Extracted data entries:

-.-.-

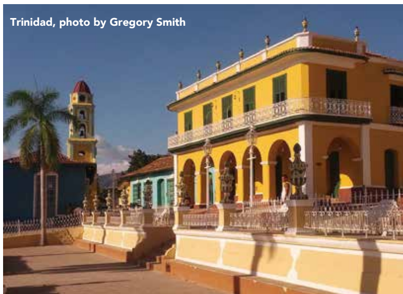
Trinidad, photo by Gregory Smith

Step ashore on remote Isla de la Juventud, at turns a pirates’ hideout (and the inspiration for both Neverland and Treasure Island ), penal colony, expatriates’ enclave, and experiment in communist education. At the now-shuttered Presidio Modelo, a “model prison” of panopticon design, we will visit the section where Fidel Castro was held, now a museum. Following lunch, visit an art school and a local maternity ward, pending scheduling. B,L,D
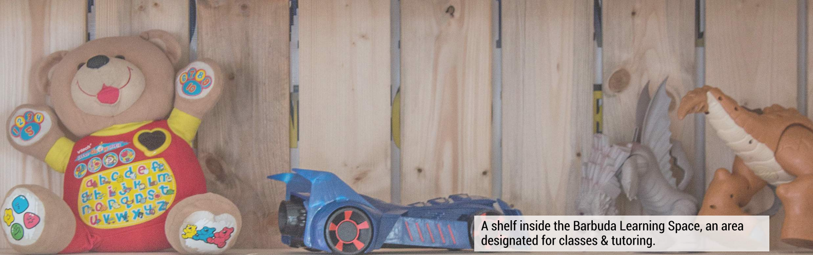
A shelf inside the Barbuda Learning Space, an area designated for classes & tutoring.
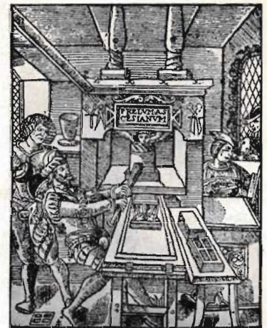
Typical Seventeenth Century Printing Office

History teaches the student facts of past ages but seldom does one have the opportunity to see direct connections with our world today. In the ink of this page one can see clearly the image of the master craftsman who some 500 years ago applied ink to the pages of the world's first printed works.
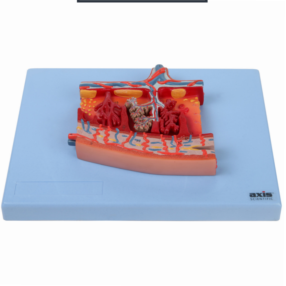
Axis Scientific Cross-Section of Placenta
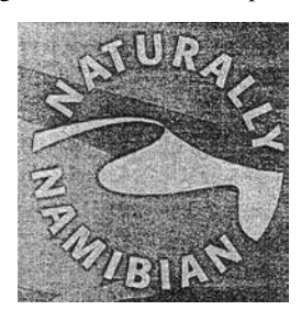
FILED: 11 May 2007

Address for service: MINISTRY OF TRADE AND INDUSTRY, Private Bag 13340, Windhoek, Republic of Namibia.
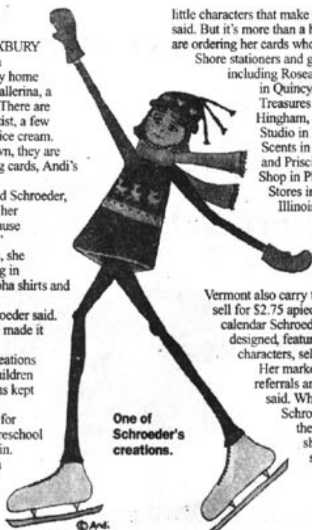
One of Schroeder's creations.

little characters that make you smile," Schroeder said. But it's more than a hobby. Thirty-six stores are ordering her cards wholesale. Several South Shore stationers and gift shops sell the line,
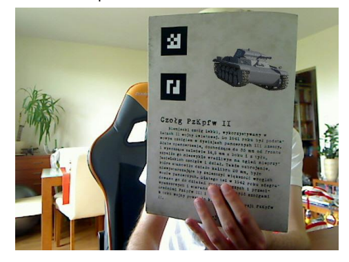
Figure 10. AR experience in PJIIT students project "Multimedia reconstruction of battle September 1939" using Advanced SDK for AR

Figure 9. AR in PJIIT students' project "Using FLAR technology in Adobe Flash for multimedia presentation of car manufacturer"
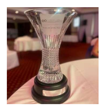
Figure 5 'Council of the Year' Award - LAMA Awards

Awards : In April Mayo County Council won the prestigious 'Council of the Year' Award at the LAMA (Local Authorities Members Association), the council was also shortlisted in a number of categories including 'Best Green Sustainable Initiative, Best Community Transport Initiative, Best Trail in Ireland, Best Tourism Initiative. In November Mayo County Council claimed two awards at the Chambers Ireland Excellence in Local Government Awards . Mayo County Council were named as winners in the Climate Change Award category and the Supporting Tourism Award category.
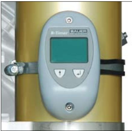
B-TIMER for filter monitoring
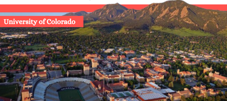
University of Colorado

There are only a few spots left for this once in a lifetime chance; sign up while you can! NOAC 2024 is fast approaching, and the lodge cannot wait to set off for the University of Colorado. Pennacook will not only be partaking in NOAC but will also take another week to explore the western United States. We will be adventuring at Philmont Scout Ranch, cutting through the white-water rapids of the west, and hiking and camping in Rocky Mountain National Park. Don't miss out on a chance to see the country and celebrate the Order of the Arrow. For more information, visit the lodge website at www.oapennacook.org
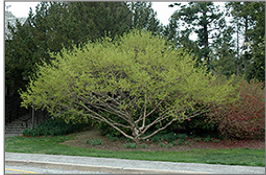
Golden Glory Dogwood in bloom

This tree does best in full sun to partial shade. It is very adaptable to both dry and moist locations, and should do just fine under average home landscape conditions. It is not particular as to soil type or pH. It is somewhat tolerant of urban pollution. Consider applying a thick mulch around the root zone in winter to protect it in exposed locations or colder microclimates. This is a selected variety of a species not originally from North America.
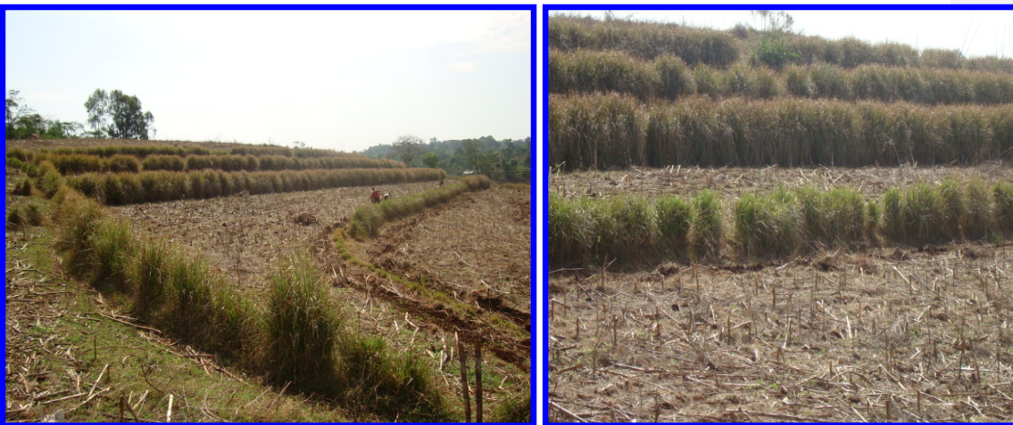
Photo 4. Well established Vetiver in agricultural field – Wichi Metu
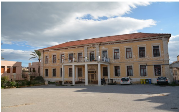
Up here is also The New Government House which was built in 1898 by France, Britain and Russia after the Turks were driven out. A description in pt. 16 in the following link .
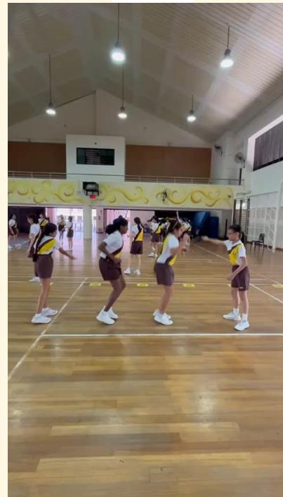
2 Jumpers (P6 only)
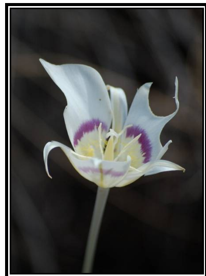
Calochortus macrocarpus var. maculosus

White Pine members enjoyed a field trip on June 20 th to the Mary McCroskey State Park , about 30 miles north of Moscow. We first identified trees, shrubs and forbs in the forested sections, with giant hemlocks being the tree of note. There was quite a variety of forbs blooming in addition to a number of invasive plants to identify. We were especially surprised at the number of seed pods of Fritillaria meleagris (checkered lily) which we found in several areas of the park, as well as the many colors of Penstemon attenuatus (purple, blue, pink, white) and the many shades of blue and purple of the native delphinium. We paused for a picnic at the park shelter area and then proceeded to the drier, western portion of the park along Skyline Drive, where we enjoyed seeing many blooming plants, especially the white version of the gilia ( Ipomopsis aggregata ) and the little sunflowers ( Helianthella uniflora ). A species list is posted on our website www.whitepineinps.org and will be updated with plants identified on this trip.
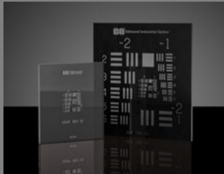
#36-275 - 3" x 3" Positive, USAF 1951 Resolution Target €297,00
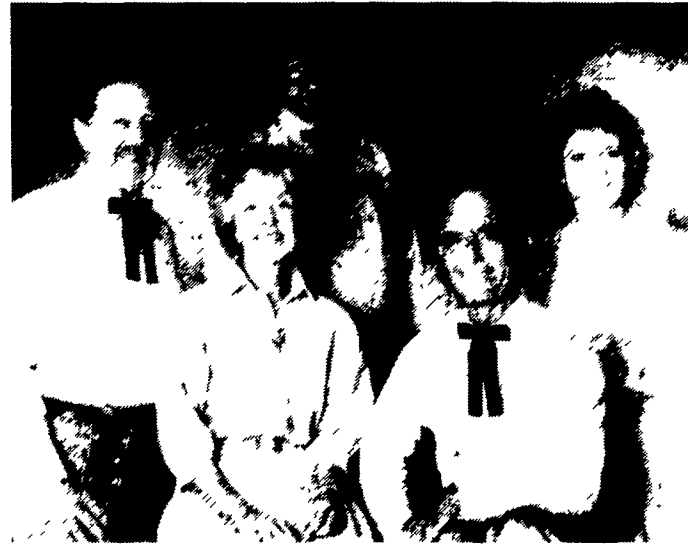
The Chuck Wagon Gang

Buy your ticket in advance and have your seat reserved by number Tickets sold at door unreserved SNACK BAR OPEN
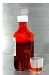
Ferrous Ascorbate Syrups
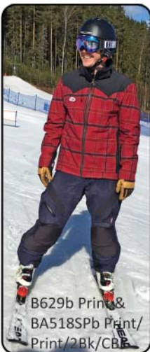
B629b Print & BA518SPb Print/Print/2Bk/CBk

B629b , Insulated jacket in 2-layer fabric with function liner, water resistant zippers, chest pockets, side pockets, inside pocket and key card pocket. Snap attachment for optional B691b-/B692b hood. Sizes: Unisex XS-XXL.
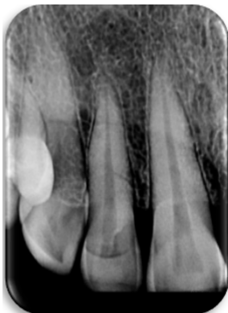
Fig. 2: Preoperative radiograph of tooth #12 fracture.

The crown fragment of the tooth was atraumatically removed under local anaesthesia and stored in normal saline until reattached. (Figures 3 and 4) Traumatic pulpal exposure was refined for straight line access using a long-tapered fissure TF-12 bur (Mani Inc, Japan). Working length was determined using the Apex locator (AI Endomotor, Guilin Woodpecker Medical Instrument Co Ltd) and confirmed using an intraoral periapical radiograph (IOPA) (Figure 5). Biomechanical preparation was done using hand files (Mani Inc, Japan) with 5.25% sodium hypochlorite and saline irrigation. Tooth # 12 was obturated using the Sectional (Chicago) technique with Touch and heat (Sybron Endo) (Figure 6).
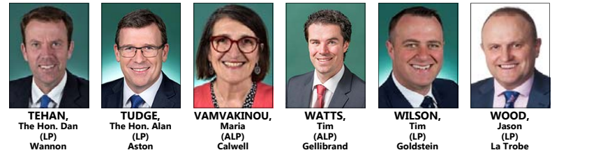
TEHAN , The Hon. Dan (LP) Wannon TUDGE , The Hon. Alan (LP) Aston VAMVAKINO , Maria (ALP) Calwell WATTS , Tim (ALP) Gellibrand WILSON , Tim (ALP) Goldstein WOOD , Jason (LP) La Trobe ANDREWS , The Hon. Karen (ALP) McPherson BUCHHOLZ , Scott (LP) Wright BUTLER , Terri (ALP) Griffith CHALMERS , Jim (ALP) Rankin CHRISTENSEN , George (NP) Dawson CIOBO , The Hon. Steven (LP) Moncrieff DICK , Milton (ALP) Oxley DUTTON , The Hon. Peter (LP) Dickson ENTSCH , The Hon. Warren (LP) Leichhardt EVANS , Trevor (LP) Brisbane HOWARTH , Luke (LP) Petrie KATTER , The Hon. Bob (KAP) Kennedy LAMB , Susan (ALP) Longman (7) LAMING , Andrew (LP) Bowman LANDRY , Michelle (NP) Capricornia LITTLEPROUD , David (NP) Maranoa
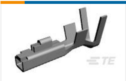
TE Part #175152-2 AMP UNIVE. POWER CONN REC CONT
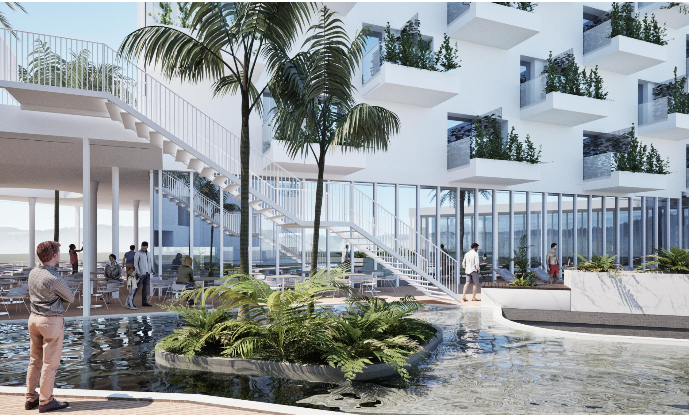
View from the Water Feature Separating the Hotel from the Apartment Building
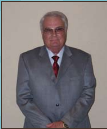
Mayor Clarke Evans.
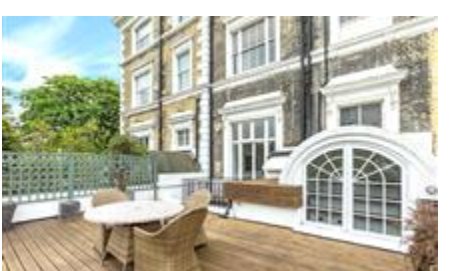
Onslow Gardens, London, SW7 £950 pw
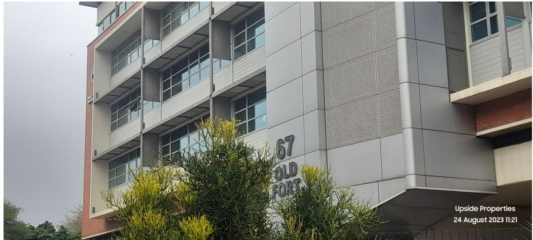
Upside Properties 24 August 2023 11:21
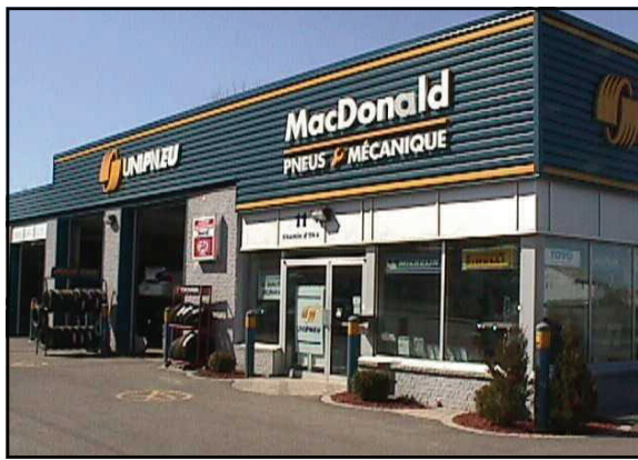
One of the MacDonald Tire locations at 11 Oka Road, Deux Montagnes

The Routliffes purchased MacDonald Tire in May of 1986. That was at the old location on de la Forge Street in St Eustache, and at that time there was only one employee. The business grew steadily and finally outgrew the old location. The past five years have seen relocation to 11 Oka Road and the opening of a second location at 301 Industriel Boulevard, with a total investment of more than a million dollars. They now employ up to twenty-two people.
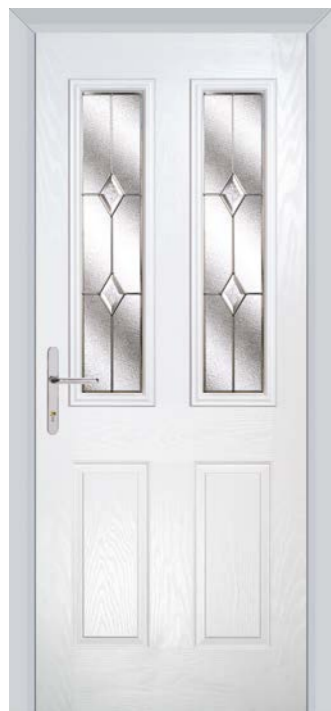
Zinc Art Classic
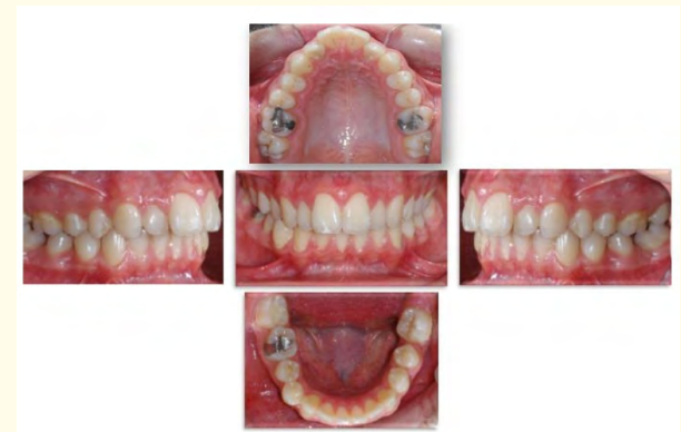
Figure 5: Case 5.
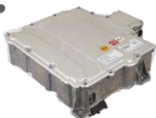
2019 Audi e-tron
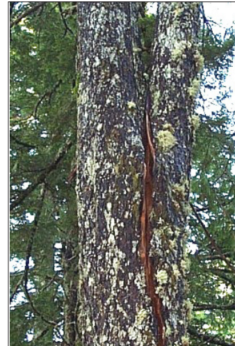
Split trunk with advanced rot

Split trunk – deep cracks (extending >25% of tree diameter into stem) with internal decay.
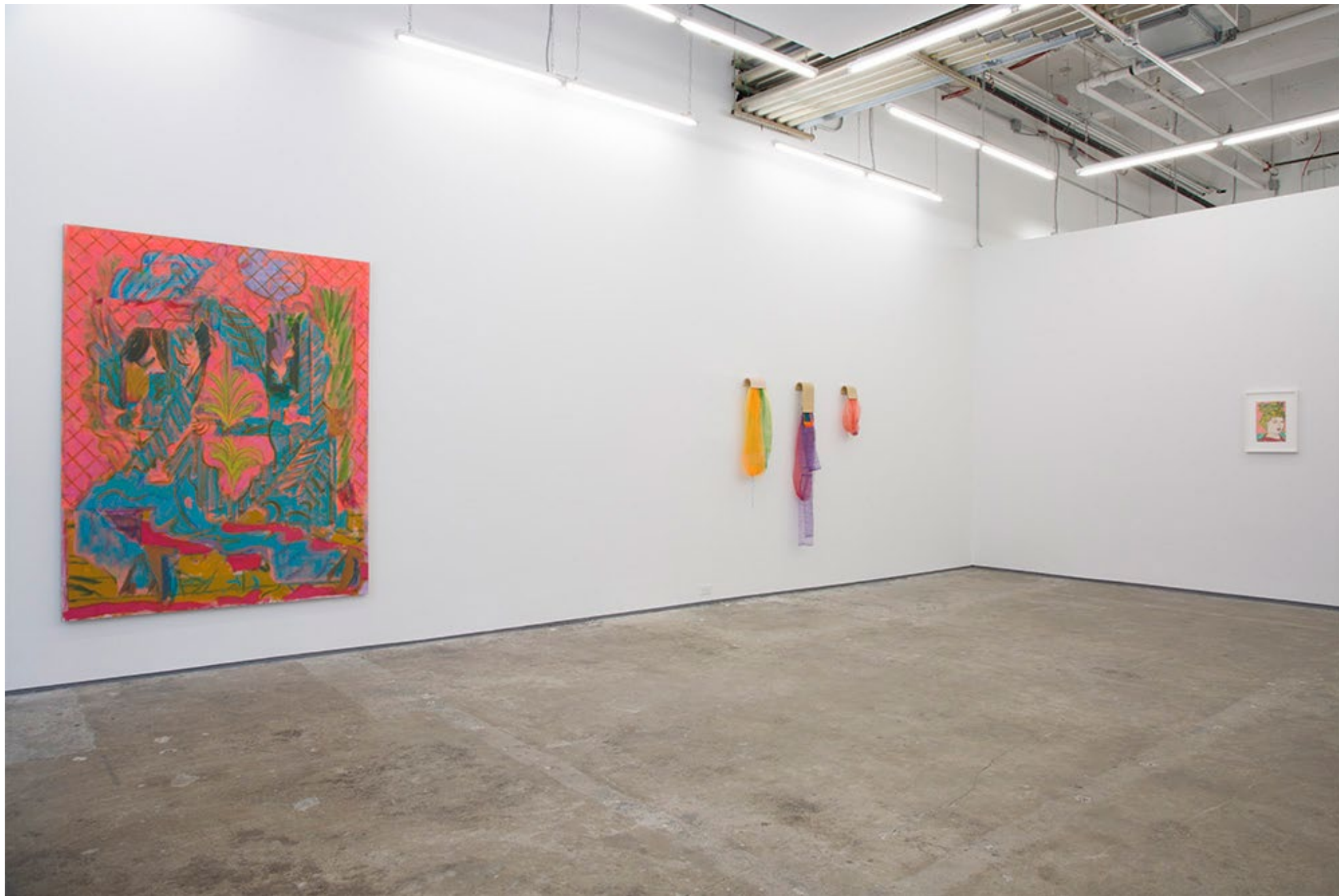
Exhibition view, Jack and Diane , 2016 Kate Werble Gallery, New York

-.-.-

Task directions> Retype only the lines above from the one with "Address for service: MINISTRY" through the one with "Awards : In", exactly and with both ends. Images stay out.

Problem solution>
Address for service: MINISTRY OF TRADE AND INDUSTRY, Private Bag 13340, Windhoek, Republic of Namibia.
One of Schroeder's creations.

little characters that make you smile," Schroeder said. But it's more than a hobby. Thirty-six stores are ordering her cards wholesale. Several South Shore stationers and gift shops sell the line,
Figure 10. AR experience in PJIIT students project "Multimedia reconstruction of battle September 1939" using Advanced SDK for AR

Figure 9. AR in PJIIT students' project "Using FLAR technology in Adobe Flash for multimedia presentation of car manufacturer"
Figure 5 'Council of the Year' Award - LAMA Awards

Awards : In April Mayo County Council won the prestigious 'Council of the Year' Award at the LAMA (Local Authorities Members Association), the council was also shortlisted in a number of categories including 'Best Green Sustainable Initiative, Best Community Transport Initiative, Best Trail in Ireland, Best Tourism Initiative. In November Mayo County Council claimed two awards at the Chambers Ireland Excellence in Local Government Awards . Mayo County Council were named as winners in the Climate Change Award category and the Supporting Tourism Award category.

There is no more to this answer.